### Work instruction
The reply should repeat all of the data word for word, with no pictures.

### Data extract
☆ ☆ ☆ ☆ ☆

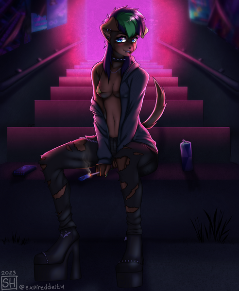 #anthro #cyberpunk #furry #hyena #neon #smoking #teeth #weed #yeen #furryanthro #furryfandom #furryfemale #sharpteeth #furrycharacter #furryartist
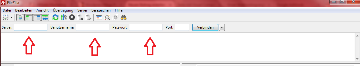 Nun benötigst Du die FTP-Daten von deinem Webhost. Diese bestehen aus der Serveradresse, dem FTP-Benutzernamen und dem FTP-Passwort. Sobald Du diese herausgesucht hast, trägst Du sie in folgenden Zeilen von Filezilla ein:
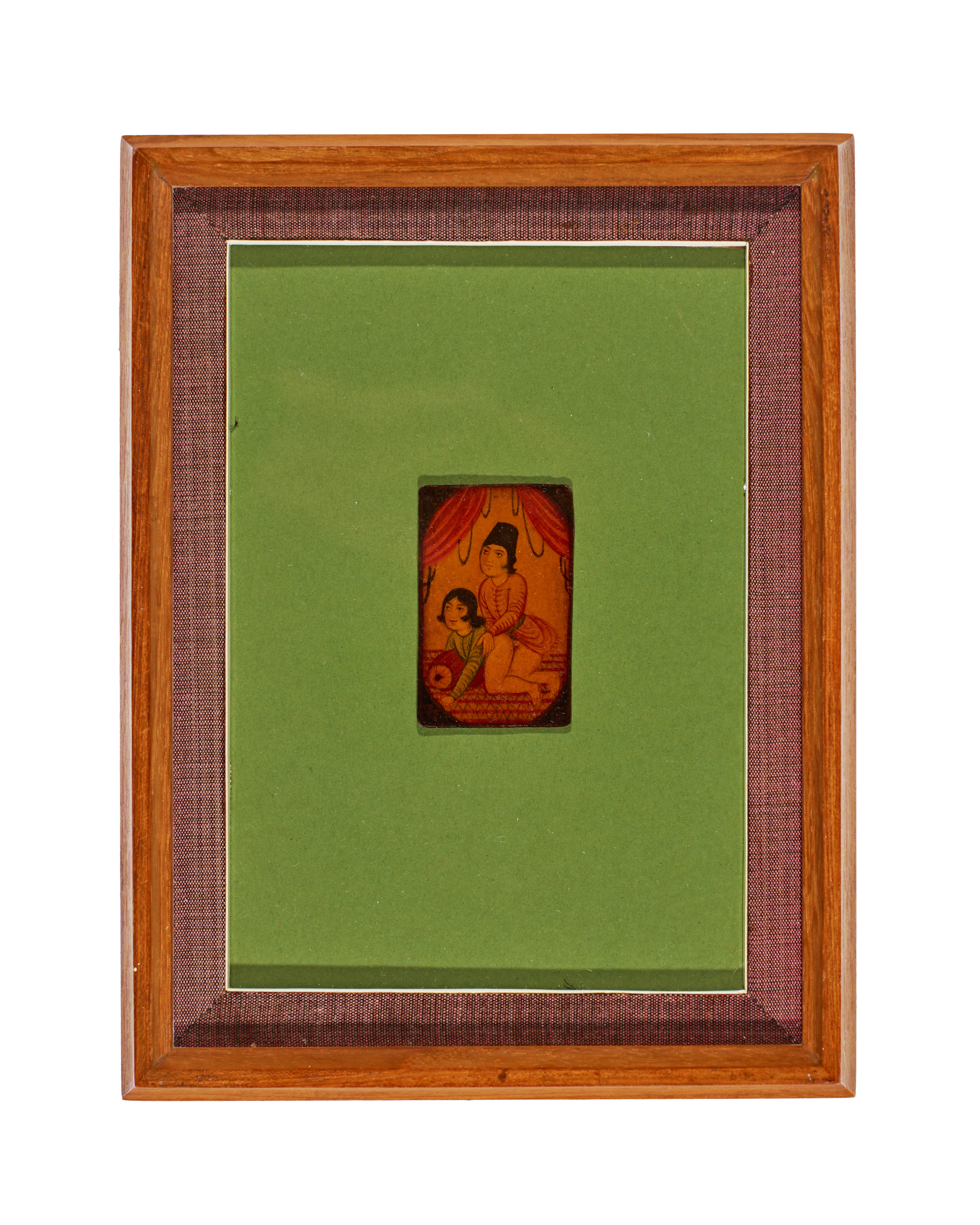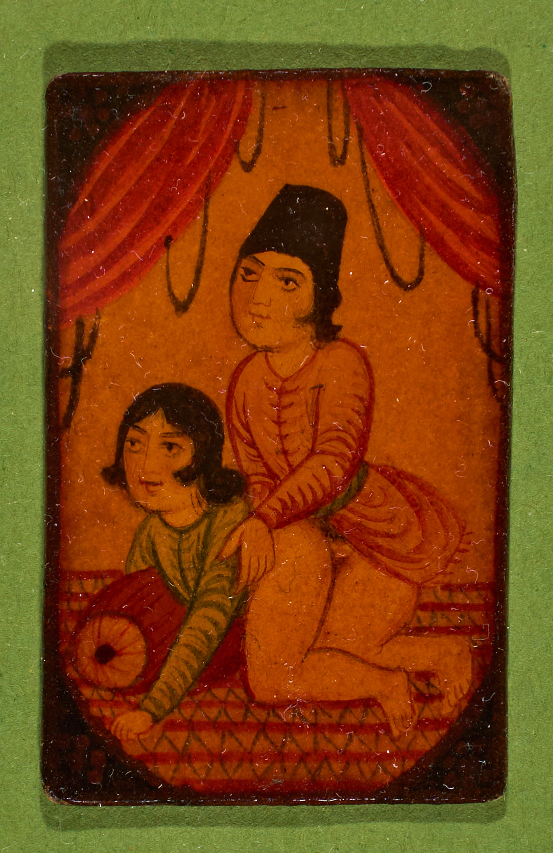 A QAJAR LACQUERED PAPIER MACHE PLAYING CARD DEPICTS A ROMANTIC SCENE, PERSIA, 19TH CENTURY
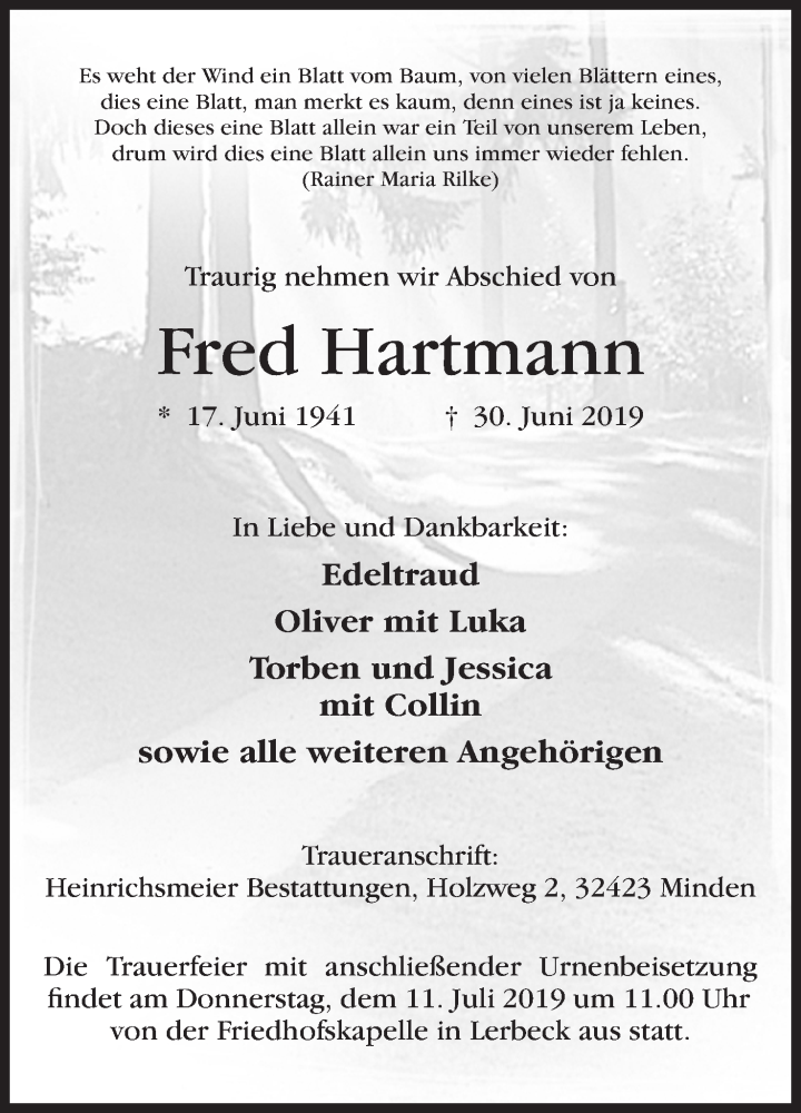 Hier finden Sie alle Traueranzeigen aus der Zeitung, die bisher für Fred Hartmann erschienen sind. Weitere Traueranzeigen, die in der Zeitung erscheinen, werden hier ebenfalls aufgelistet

☆ ☆ ☆ ☆ ☆

### Problem solution
 #anthro #cyberpunk #furry #hyena #neon #smoking #teeth #weed #yeen #furryanthro #furryfandom #furryfemale #sharpteeth #furrycharacter #furryartist
 Nun benötigst Du die FTP-Daten von deinem Webhost. Diese bestehen aus der Serveradresse, dem FTP-Benutzernamen und dem FTP-Passwort. Sobald Du diese herausgesucht hast, trägst Du sie in folgenden Zeilen von Filezilla ein:
 A QAJAR LACQUERED PAPIER MACHE PLAYING CARD DEPICTS A ROMANTIC SCENE, PERSIA, 19TH CENTURY
 Hier finden Sie alle Traueranzeigen aus der Zeitung, die bisher für Fred Hartmann erschienen sind. Weitere Traueranzeigen, die in der Zeitung erscheinen, werden hier ebenfalls aufgelistet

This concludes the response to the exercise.